# Setup Blocks ("1-2-3 Blocks")



## Uglydog (Jul 10, 2017)

I've been casually thinking about how many holes (if any) I want to put in my shop made 123 blocks, and stumbled on this free online article. Perhaps someone here might enjoy it as much as I have. 

https://circuitousroot.com/artifice...y-tools/setup-blocks/index.html#mcmaster-carr

Daryl
MN


----------



## Bob Korves (Jul 10, 2017)

Multiples of each!  123 blocks with multiple holes can be versatile, but in practice, the holes collect swarf that gets into the setup and ruins the accuracy and rigidity, and on many of the store bought ones the threads are distorted from the heat treating process (or just poor work) so bolts do not screw into the threads.  For many uses I like the ones with no holes, but for some unknown silliness, they actually cost more!  Huh?  How do they justify that?  Proper 123 blocks need to be hardened and ground to within a few tenths or better for accurate setups and metrology use, with all faces precisely 90 degrees to each other, and that is not particularly easy to do.  Matched sets also need to be truly matched.

For ordinary work with setups on the mill, the imports are a bargain.  They are usually amazingly accurate for the prices, but do need to be vetted, always.  Stan Zinkosky is really good at testing them and truing them up for service in his shop:
https://www.youtube.com/user/shadonhkw/search?query=123+blocks

I want to find a decent deal on some good 246 blocks...


----------



## Mark_f (Jul 10, 2017)

That is a very interesting article. I get the impression from the article that the 1 2 3 blocks are a recent invention to the machine shop industry. The first time I remember being exposed to the 1 2 3 block was while working in a Texas machine shop where every machinist had a set in his tool box. We used them routinely in setups on machines like the Bridgeport. This was in the late 1970's and early 1980's. That was my introduction to them. They were common earlier than that.  I know most were made by Mitutoyo and readily available from the tool supply houses that supplied the shops. There was also a set that was 2 4 6 blocks.


----------



## Buffalo20 (Jul 10, 2017)

I have 3 cheap sets, a Fowler set and a B&S set, Bob's comment make made me think, the B&S set is the only one, when the threaded holes are messed up


----------



## rgray (Jul 10, 2017)

Interesting write up. I liked it. Especially the Moore influence to those blocks.
On mine I never seem to need holes.
 If left without holes they aren't as recognizable as a tool and you'd have to guard them to keep someone from using them as a nice piece of scrap iron, or anvil or ???


----------



## Dave Paine (Jul 10, 2017)

Interesting article.  Thanks for sharing.
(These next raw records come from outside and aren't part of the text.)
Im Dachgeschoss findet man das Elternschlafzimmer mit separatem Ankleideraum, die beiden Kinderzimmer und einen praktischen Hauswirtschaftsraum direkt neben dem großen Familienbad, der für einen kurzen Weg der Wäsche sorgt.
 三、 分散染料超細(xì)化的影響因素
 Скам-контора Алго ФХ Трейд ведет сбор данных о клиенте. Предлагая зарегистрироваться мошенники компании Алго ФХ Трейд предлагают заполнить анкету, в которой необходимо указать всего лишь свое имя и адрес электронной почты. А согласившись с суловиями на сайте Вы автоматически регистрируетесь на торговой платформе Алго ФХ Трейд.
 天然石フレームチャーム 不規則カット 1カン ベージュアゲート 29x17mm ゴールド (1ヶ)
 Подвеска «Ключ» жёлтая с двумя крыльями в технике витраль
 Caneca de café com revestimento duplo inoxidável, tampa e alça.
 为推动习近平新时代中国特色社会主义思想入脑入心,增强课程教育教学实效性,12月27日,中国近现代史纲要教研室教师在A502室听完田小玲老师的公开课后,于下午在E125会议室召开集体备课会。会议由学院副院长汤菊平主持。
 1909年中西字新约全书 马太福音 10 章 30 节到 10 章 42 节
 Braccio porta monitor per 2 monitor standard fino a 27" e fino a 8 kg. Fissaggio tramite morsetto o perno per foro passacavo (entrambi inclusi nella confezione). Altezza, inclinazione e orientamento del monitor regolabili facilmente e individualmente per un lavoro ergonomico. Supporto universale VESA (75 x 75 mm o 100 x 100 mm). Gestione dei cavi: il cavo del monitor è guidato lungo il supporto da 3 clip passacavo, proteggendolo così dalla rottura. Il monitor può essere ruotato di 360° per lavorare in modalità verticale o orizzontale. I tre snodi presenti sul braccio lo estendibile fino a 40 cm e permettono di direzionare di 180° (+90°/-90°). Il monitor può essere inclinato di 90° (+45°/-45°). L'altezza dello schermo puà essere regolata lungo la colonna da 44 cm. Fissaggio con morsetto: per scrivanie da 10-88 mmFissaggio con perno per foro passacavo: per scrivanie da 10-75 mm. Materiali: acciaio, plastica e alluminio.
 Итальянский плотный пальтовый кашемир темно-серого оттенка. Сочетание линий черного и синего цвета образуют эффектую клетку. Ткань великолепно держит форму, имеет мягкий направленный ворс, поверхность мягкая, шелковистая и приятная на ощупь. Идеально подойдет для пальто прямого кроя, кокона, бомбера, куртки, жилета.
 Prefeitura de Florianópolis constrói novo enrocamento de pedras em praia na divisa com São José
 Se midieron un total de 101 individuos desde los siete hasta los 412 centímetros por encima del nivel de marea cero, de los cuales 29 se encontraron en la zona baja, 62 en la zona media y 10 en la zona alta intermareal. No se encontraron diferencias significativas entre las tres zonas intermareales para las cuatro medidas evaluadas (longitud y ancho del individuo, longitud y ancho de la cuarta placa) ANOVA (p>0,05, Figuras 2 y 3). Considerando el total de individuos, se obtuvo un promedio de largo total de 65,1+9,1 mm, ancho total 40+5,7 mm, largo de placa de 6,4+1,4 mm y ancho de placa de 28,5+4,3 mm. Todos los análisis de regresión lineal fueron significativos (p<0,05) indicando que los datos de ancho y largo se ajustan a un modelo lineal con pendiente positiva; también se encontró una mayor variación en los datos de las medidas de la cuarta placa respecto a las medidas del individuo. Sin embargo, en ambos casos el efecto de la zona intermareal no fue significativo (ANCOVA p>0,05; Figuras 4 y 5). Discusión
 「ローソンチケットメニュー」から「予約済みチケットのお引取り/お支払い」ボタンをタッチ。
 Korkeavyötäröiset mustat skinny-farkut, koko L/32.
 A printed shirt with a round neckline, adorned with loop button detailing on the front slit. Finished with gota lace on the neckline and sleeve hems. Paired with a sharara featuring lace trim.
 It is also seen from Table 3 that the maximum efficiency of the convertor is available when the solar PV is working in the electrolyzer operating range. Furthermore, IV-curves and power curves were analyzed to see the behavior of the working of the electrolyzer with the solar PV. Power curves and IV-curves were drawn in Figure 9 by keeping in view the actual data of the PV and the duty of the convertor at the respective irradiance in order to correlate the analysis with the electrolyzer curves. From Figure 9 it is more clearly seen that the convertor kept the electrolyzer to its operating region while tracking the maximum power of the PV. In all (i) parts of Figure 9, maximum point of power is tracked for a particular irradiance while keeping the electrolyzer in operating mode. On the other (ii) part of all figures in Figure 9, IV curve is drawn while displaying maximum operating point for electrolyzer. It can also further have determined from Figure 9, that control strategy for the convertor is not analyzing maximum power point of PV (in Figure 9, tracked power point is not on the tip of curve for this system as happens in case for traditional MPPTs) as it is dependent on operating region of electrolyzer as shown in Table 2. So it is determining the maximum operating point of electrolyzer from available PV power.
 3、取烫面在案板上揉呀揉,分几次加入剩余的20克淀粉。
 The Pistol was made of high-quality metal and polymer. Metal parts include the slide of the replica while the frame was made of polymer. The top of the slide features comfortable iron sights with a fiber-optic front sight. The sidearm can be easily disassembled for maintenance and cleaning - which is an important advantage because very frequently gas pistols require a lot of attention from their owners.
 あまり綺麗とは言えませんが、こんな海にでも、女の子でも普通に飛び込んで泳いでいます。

I would not have expected to find so much details and options on such a simple tool.

I have a cheap 1-2-3 set from perhaps CDCO.  So far I have not needed to use the holes mostly due to the holes and threads being smaller than the diameter and threads on my clamping set for the mill. If you do add holes, make the size and thread to be the same as your clamping studs.


----------



## Bob Korves (Jul 10, 2017)

Dave Paine said:


> If you do add holes, make the size and thread to be the same as your clamping studs.


If you add threaded holes, make the threads oversized (loose fit.)  If the blocks are properly heat treated, there is a good chance of the threads (and the blocks) distorting during the hardening process.  After the blocks are hardened, the only real way to repair the threads is to thread grind them, not something many hobby machinists are set up for.


----------